The clinical characteristics of RA patients are presented in Table 3. The majority of RA patients (89.1%) were seropositive (positive rheumatoid factor and/or ACPA). The mean disease duration was 11.47±8.59 years. RA disease activity (DAS28-CRP score) was associated with the severity of PD. Moderate to severe periodontal disease (stage II–IV) was observed in 88.9% of participants with high RA disease activity, as compared to 42.9% of patients in remission (P=0.042) (Figure 1). RA patients in remission, as compared to patients with higher clinical RA disease activity, had a lower mean CAL (1.67±0.78 vs. 2.39±0.89 mm, P=0.045). Similarly, the self-reported impact of RA disease activity represented by the RAID score was associated with CAL. A RAID value indicating remission as compared to higher disease activity was associated with a significantly lower mean CAL (1.87±0.8 vs. 2.43±0.9 mm, P=0.046).

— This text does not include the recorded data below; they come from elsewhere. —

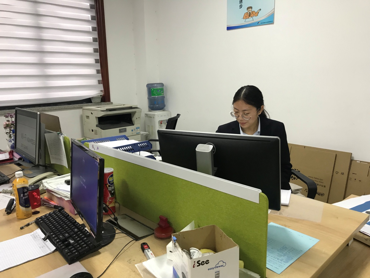 图4徐王婷同学在工程部实习工作照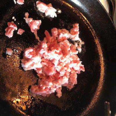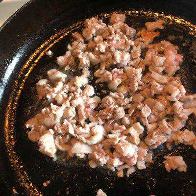 5、锅中倒油,把五花肉丁放入锅中煸炒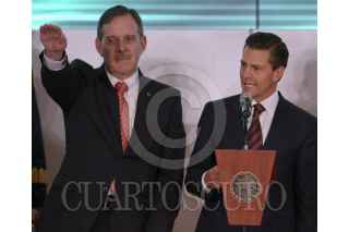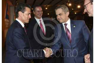 MÉXICO, D.F., 04JULIO2014.- El Presidente Enrique Peña Nieto informó hoy, en la ceremonia en que tomó protesta al Comité Ejecutivo y al Consejo Directivo de la CONCANACO-SERVyTUR para el periodo 2014-2015, la cual será encabezada por Enrique Solana, que en lo que va de la Administración, “el personal asegurado en el Instituto Mexicano del Seguro que se dedica a las actividades del comercio, los servicios para empresas, personas y el hogar se ha incrementado en 198 mil trabajadores”. En la imagen saluda al Jefe de Gobierno Miguel Ángel Mancera. FOTO: PRESIDENCIA /CUARTOSCURO.COM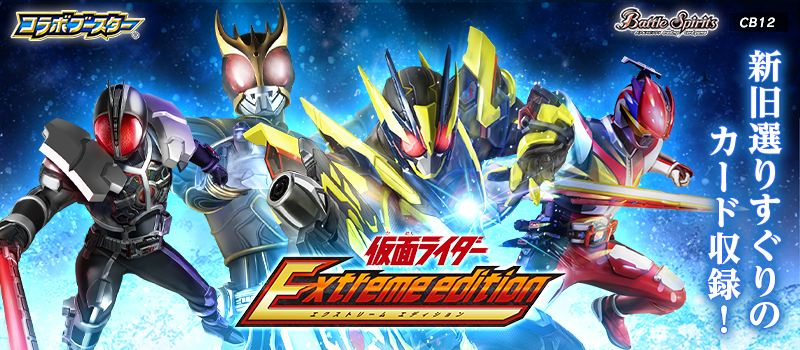 CB12, entitled Collaboration Booster: Kamen Rider Extreme Edition (コラボブースター 仮面ライダー CB12 was released in Japan on March 28th 2020. This set included Spirit, Brave, Magic, and Nexus cards in all six colors. It included a total of 71 cards: 30 Commons, 24 Rares, 8 Master Rares, 8 X-Rares and 1 XX-Rares + 5 Campaign cards. | |||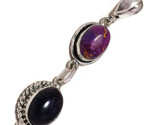 - Goldstone with Purple Turquoise Gemstone 925 Silver Handmade Double Drop Pendant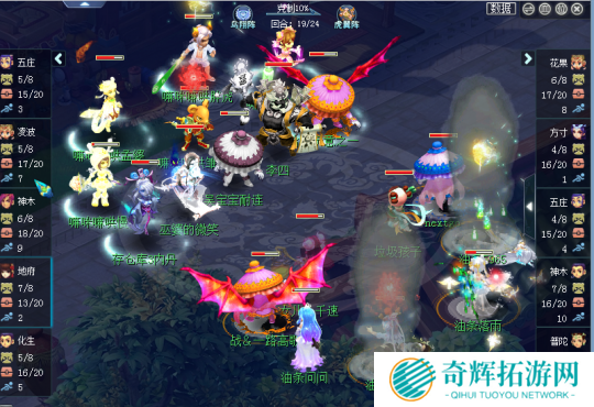 对战方嘛咪嘛哄 阵容:五庄、地府、化生、凌波、神木 鸟阵国标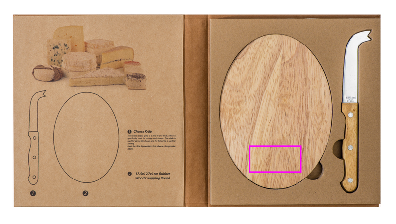 Сырный набор, включающий круглую деревянную доску и нож для сыра из нержавеющей стали, который также можно использовать для подачи. На доске будет выгравирован ваш логотип.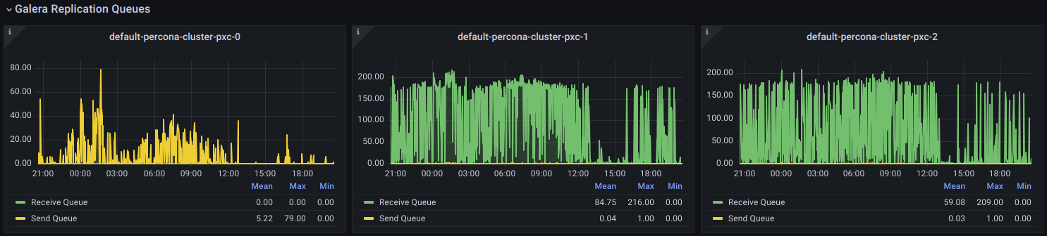 Note this can be a very dynamic occurrence: a cluster can get into and out of flow control virtually all the time. In the environment depicted by the above graph, all writes are sent to the same node, which I’m referring to as the “writer” node, while the other nodes are operating at the limit of their apply queues (175 by default for a 3-node cluster). They need that extra “breathing room” provided by flow control to go back below that threshold mark, but it all happens very fast, which is why it may not have been noticed by anyone:
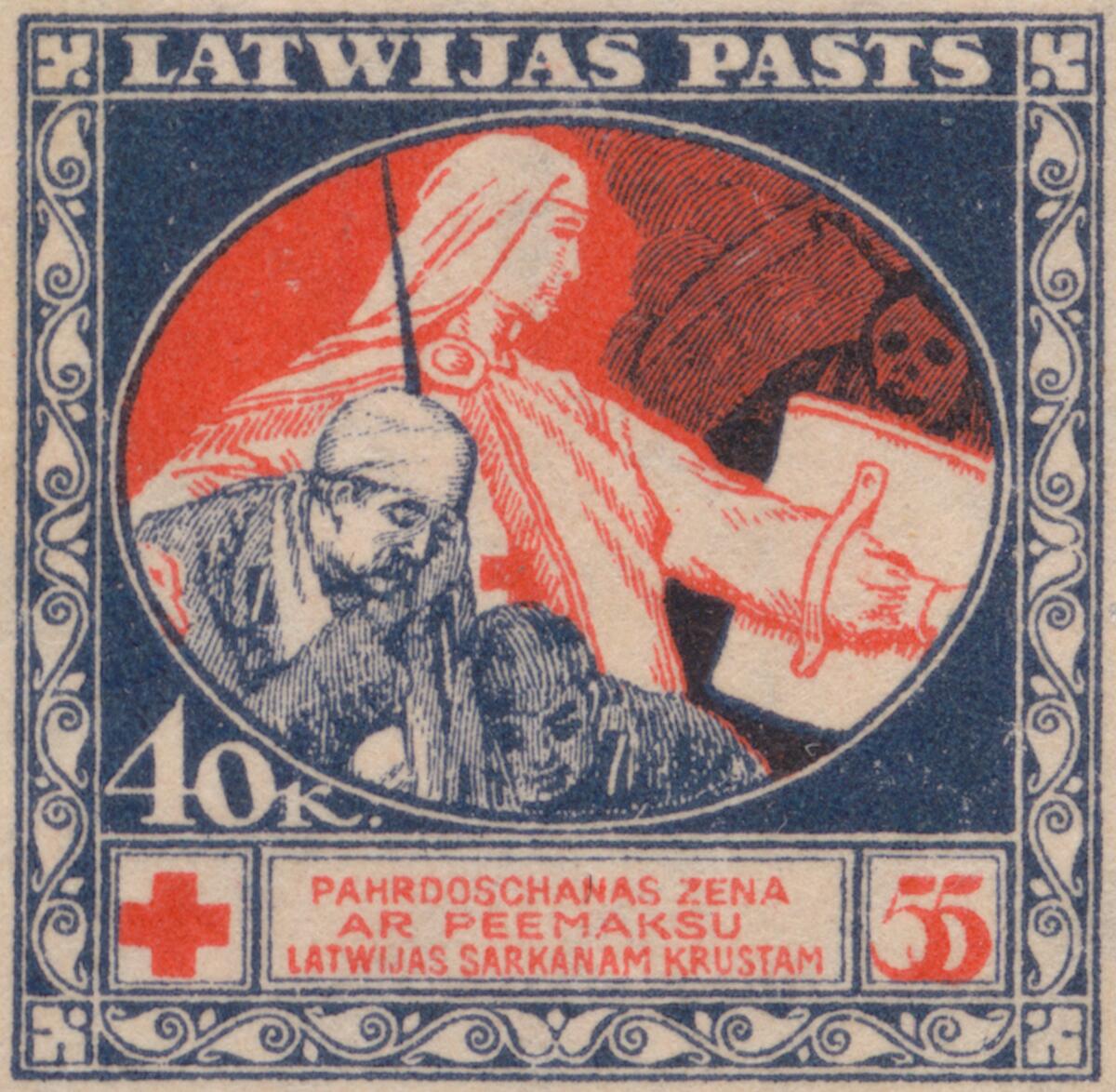 Märke Röda Kors från Lettland, 1920. Motiv av Lettiskt "Röda Kors märke". Tryckt på baksidan av en sedel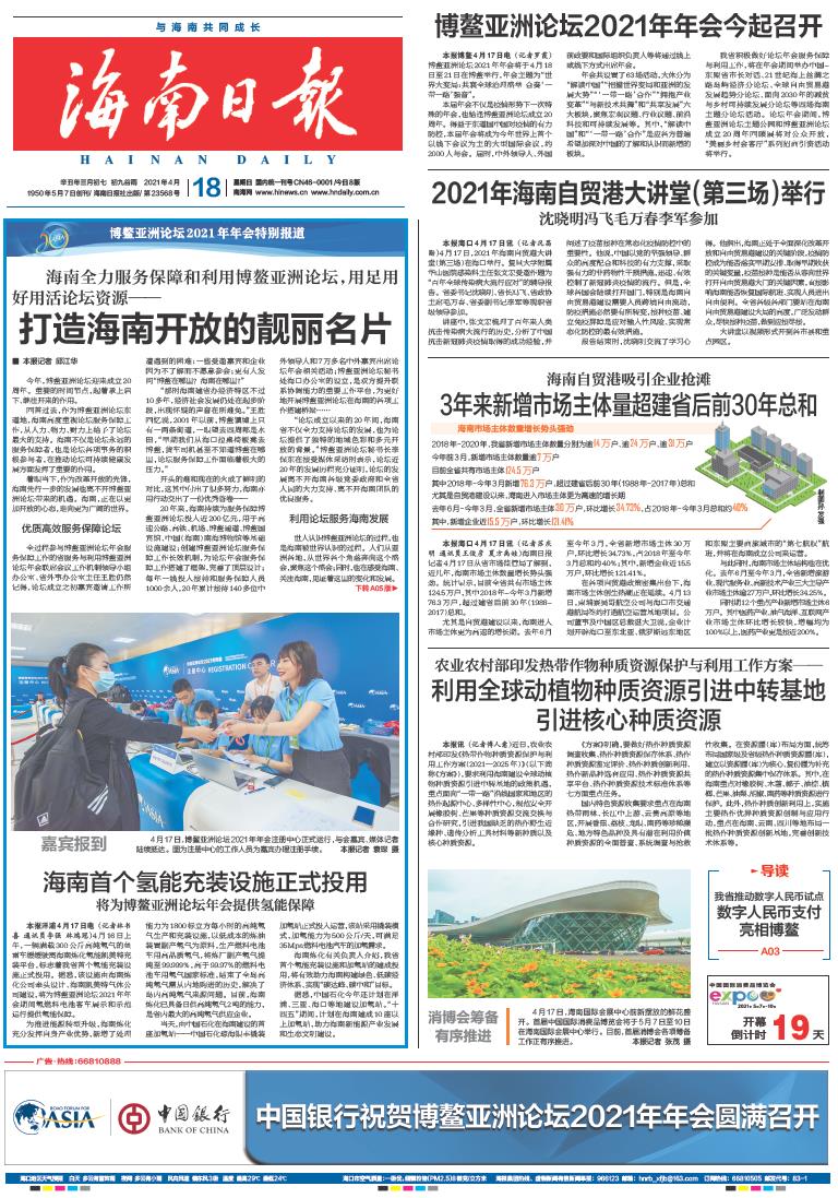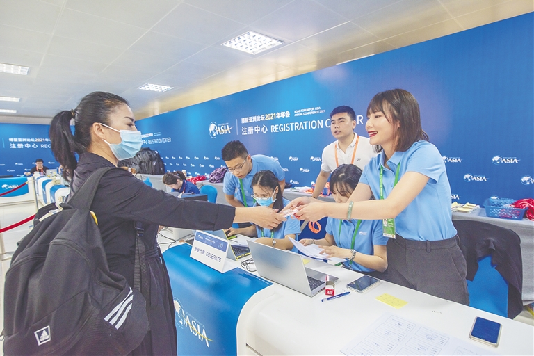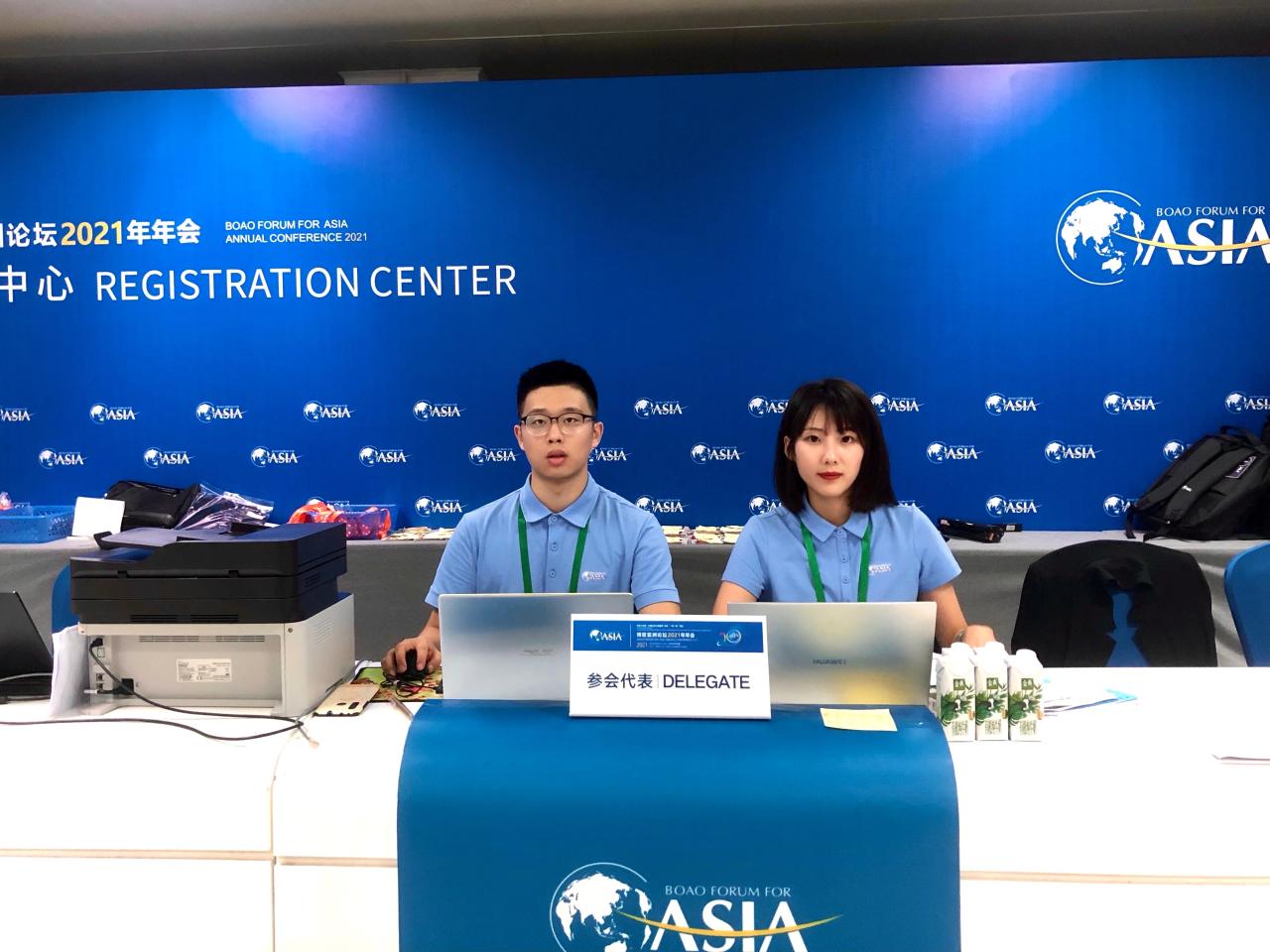 2021年4月18日,在博鳌亚洲论坛培兰注册中心,乐天使研究生谷雨、王艺晗等同学在现场为前来的嘉宾提供注册登记服务。海南日报的记者对这一场景进行拍摄,并将他们的照片刊登在当日的头版头条位置。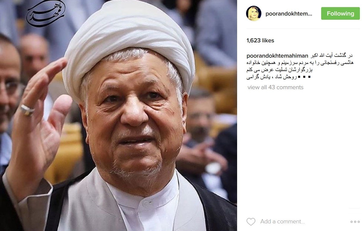 پوران دخت مهیمن نیز بانوشتن متنی درگذشت آیت الله هاشمی رفسنجانی را به خانواده وی تسلیت گفت.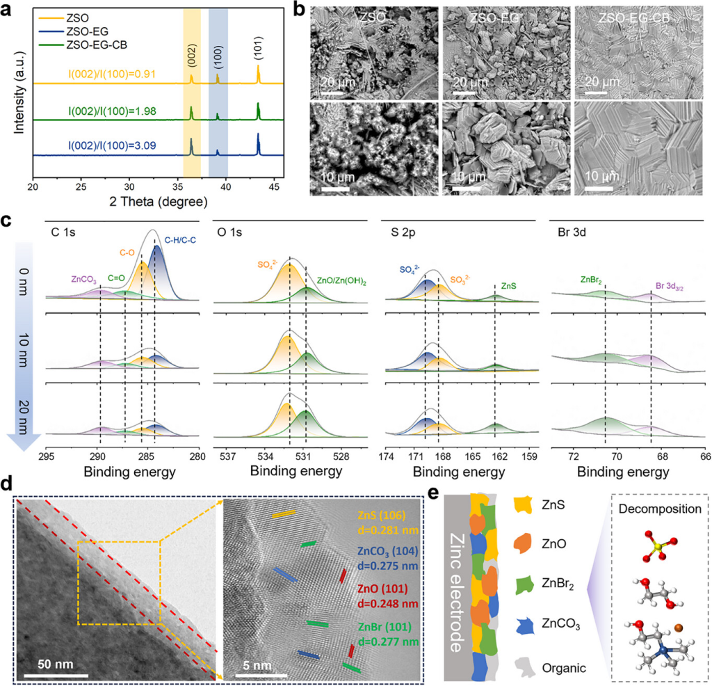 图5. 锌负极表面形成的SEI层的组成和结构。a) XRD图谱和b) SEM图像,为Zn||Zn电池在三种电解质中循环50次后锌负极表面的图谱。c) ZSO-EG-CB电解质中循环锌负极表面的深度剖析XPS分析和d) TEM图像。e) ZSO-EG-CB电解质中形成的SEI组分示意图

Table 3. Rheumatoid arthritis clinical status and treatment in participants with PD+RA (n=64).

Variables Values
Rheumatoid factor/ACPA
Seropositive 57 (89.1)
Duration of RA disease (yr) 11.47±8.59
Disease activity (DAS28-CRP score) 4.37±1.27
Remission 7 (10.9)
Low activity 3 (4.7)
Moderate activity 36 (56.3)
High activity 18 (28.1)
Self-reported impact of disease (RAID score) 4.68±2.16
Remission 13 (20.3)
Low activity 7 (10.9)
Moderate activity 28 (43.8)
High activity 16 (25.0)
HAQ score 0.85±0.64
Glucocorticoid therapy
No glucocorticoids 21 (32.8)
Glucocorticoids 43 (67.2)
Glucocorticoid dosage (mg/day) 5.77±2.74
Low dose, ≤7.5 28 (65.1)
Mean dose, >7.5 and ≤15 15 (34.9)
High dose, >15 0 (0.0)
Type of RA therapy
sDMARDs 58 (90.63)
bDMARDs 26 (40.63)
bDMARDs in combination with sDMARDs 24 (37.5)
bDMARDs in combination with glucocorticoids 18 (28.13)

Values are presented as number (%) or mean±standard deviation.

PD: periodontitis, RA: rheumatoid arthritis, ACPA: anti-citrullinated protein antibodies, DAS28-CRP: Disease Activity Score 28 using C-reactive protein, RAID: Rheumatoid Arthritis Impact of Disease, HAQ: Health Assessment Questionnaire; RA: rheumatoid arthritis, sDMARDs: synthetic disease-modifying antirheumatic drugs; bDMARDs: biologic disease-modifying antirheumatic drugs.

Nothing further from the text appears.